Bene, il punctum pruriens della presente riflessione non concerne il merito della vicenda che vede contrapposti alcuni dipendenti dell’ESA alla Regione Siciliana, ma la disparità di trattamento che una siffatta decisione genera all’interno dell’ordinamento giuridico. In materia giurisdizionale, come quella che ci occupa, la questione non può che essere trattata in modo uniforme coinvolgendo esigenze ed interessi dell’intera comunità nazionale connessi a valori costituzionali di rilevanza primaria.
Non è pensabile infatti che fino a Reggio Calabria il parere del Consiglio di Stato è vincolante per la decisione dei ricorsi straordinari e che da Messina in poi il parere della sezione staccata dello stesso Consiglio di Stato – C.G.A. – non vincola la decisione del Presidente della Regione forte della sua prerogativa scalfita nell’art. 23 dello Satuto siciliano.
In pratica in Sicilia i ricorsi straordinari possono ancora essere decisi non sulla base di motivi strettamente connessi alle ragioni del diritto ma per meri motivi di mera opportunità (certamente amministrativa ma anche politica).
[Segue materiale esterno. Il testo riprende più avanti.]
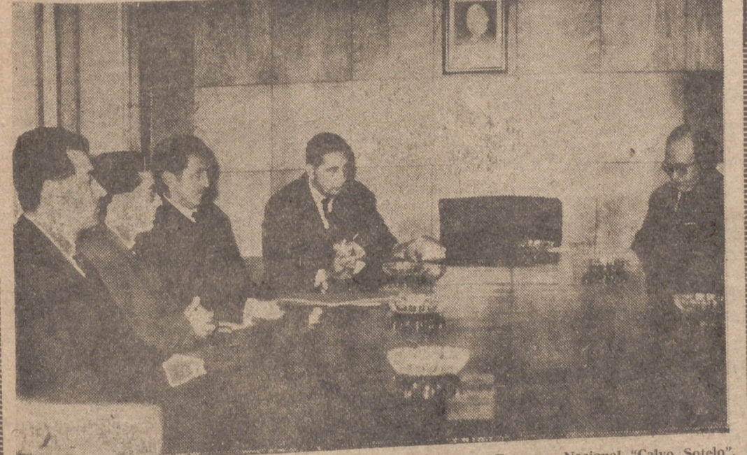
El ministro de Industria, don Gregorio López Bravo, ha visitado la Empresa Nacional "Calvo Sotelo", en esta ciudad. Después de recorrer las instalaciones, el Ministro celebró una reunión con los Jurados de esta Empresa.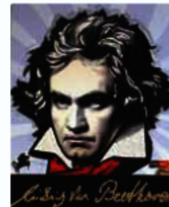
Ludwig van Beethoven aus 5000 gesplitteten Lasagne-Nudeln

” Aus verschiedenen Nudelsorten, Gewürzen und Hülsenfrüchten entstand so wunderschöne EAT ART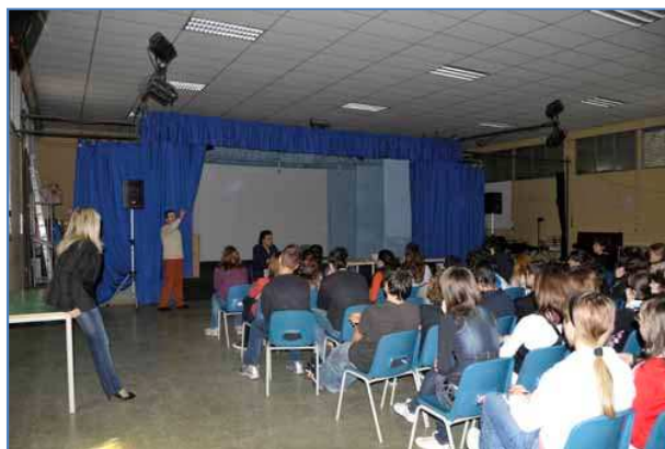
La lezione di Andrea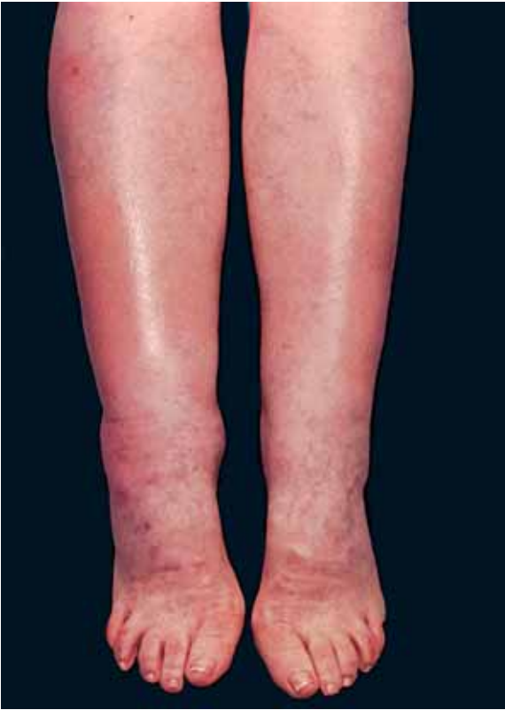
Abb. 12.3 Prätibiales Myxödem bei Patientin mit Hypothyreose.

nostisch wegweisend ist die Bestimmung von \alpha_1 -Antitrypsin in Serum und Stuhl (physiologischer Verlust < 2,6 mg/g Stuhlgewicht) oder die aufwändigere quantitative Bestimmung der fäkalen Ausscheidung von intravenös verabreichten radioaktiv markierten Makromolekülen (z. B. ^{51}\text{Cr} -Albumin). Als Ursache für eine exsudative Gastroenteropathie kommen endoskopisch oder radiologisch leicht fassbare Erkrankungen wie z. B. die Colitis ulcerosa, Polyposen, die hypertrophe Gastropathie (Ménétrier-Syndrom) oder die idiopathische Sprue in Frage (s. Kapitel 27 und 28). Nur bei Störungen des intestinalen Lymphabflusses kann die Diagnose eines enteralen Eiweißverlustes Schwierigkeiten bereiten und einen ^{51}\text{Cr} -Albumin-Test und/oder eine Lymphographie erfordern. Bei der angeborenen intestinalen Lymphangiektase, die sich zum Teil erst im frühen Erwachsenenalter manifestiert, kommt es wegen einer lymphatischen Klappeninsuffizienz zu einem Reflux der chylushaltigen Lymphe und zu Chylus-Darm-Fisteln. Sekundär kann sich ein chylöser Reflux bei erworbenen Abflussstörungen entwickeln, z. B. im Rahmen abdomineller Tumoren.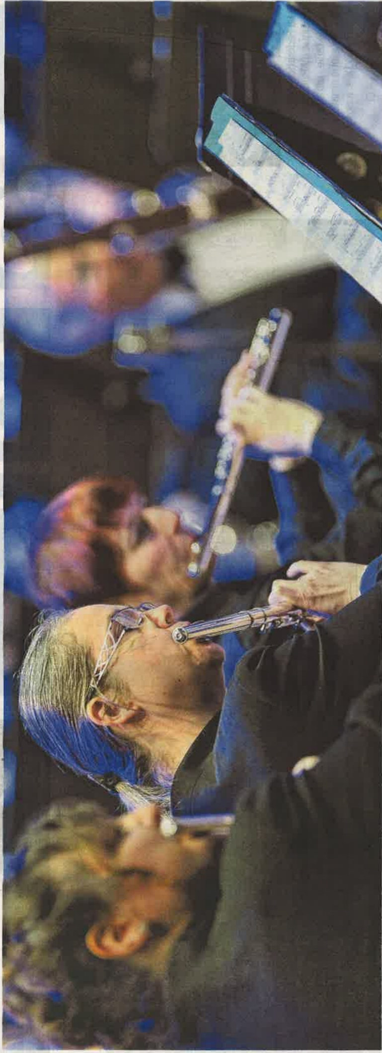
Avec 5,25 % de la population qui pratique de la musique de façon régulière, l'Alsace possède la plus forte densité de musiciens amateurs de France.

ALSACE Plan de recherches Alsace terre de musique et de musiciens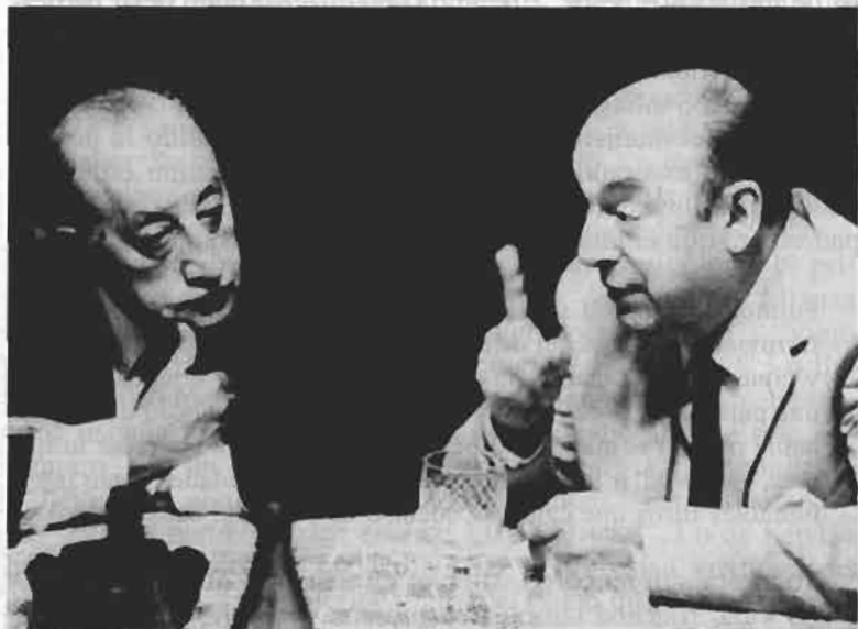
5./ Con Miguel Ángel Asturias en Budapest, 1965, mientras escribían Comiendo en Hungría

Vale decir: debía tomar en cuenta el arco iris.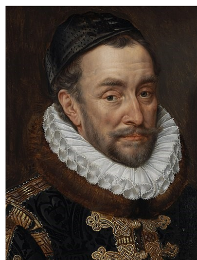
Willem van Oranje Schilder: Adriaen Thomasz Key (1579)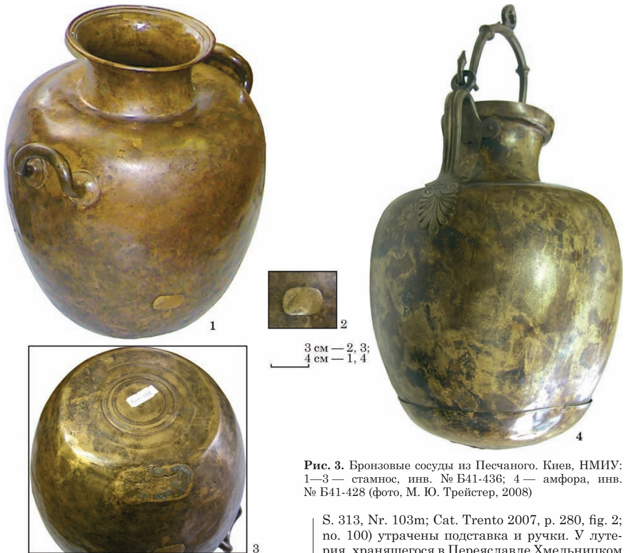
Рис. 3. Бронзовые сосуды из Песчаного. Киев, НМИУ: 1—3 — стамнос, инв. № Б41-436; 4 — амфора, инв. № Б41-428 (фото, М. Ю. Трейстер, 2008)

390) аккуратно наложенными в местах трещин и литейного брака, есть основания полагать, что они могут иметь отношение к ремонту сосуда, выполненному мастером сразу же после изготовления, тем более что и по цвету металл латок соответствует металлу сосуда.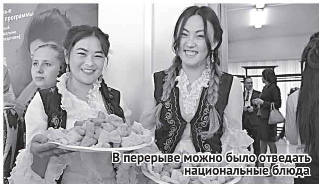
В перерыве можно было отведать национальные блюда

20 сентября в Алтайском государственном университете состоялось торжественное открытие III Общего собрания Ассоциации азиатских университетов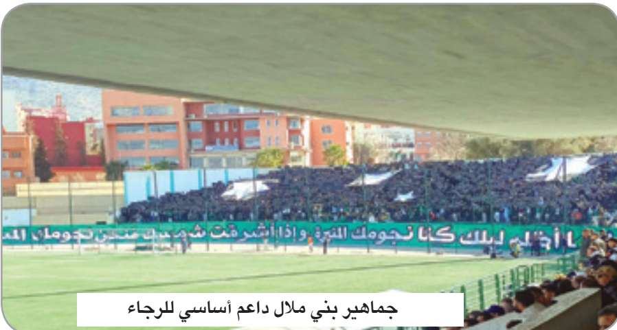
جماهير بني ملال داعم أساسي للرجاء

حول مديرية التحكم. المهم عاد الفريق الملالي إلى سكة الانتصارات، وفاز في آخر دورة لفترة الذهاب ليرفع رصيده إلى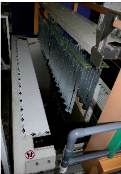
Schild Gestell beim Einfahren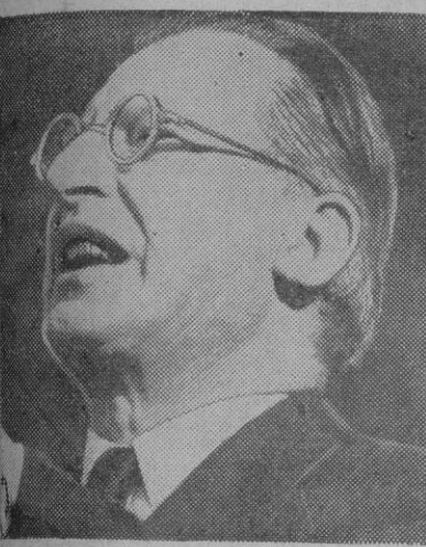
El jefe del Gobierno italiano, De Gasperi

Ha sido hallada una bomba cerca de la casa donde asistía a una boda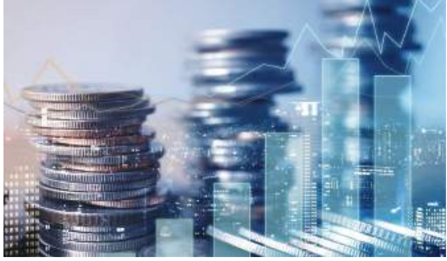
أبوظبي - وام:

الشركات المدرجة عن أرباح قوية في النصف الأول من العام الجاري. ونجح مؤشر فوتسي سوق أبوظبي العام في الصعود بنسبة 2.08% ليقفل عند 10136.19 نقطة متجاوزاً بذلك حاجز 10 آلاف نقطة ومحققاً أعلى مستوياته منذ 11 أبريل الماضي «تتمتع ص 8»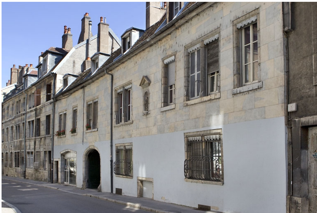
Vue d'ensemble du logis principal depuis la rue, de trois quarts droit.

25, Besançon, 13 rue des Martelots, lieudit : îlot des Martelots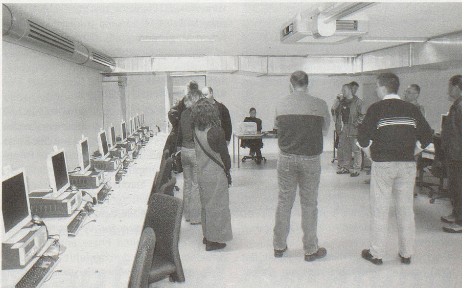
Raum für psychologische Tests: IT in Reih und Glied.

Ad onor del vero bisogna aggiungere che su questa vicenda le responsabilità sono diffuse e investono lo stesso Consiglio di Giustizia Amministrativa che, con un temerario parere del 14/12/2010, reso su un altro ricorso straordinario per una questione per certi versi analoga, ha sostanzialmente suggerito la “scorciatoia” alla Presidenza della Regione: “…resta salva la facoltà dell’Amministrazione regionale di valutare, come accennato nelle premesse della delibera di Giunta del 15 giugno 2010, eventuale adozione di una decisione motivata in difformità dal parere, ipotesi non più prevista nell’ordinamento statale dopo l’abrogazione dell’art. 14, comma 2, del DPR 1199/71, avvenuta a cura dell’art. 69 della l. 69/2009, ma tuttora esistente nelle norme di attuazione dello Statuto speciale della Regione siciliana (art. 9, comma 5, d.lgs. 373/2003, cit.).
Orbene, ammesso che la considerazione contenuta in detto parere del CGA sia fondata e non sia percorribile la strada dell’interpretazione costituzionalmente orientata dell’art. 23 dello Statuto alla luce della citata riforma del ricorso straordinario n. 69/2009, cosa aspettano i nostri detentori del potere legislativo ad apportare i necessari, quanto urgenti, adeguamenti allo Statuto siciliano?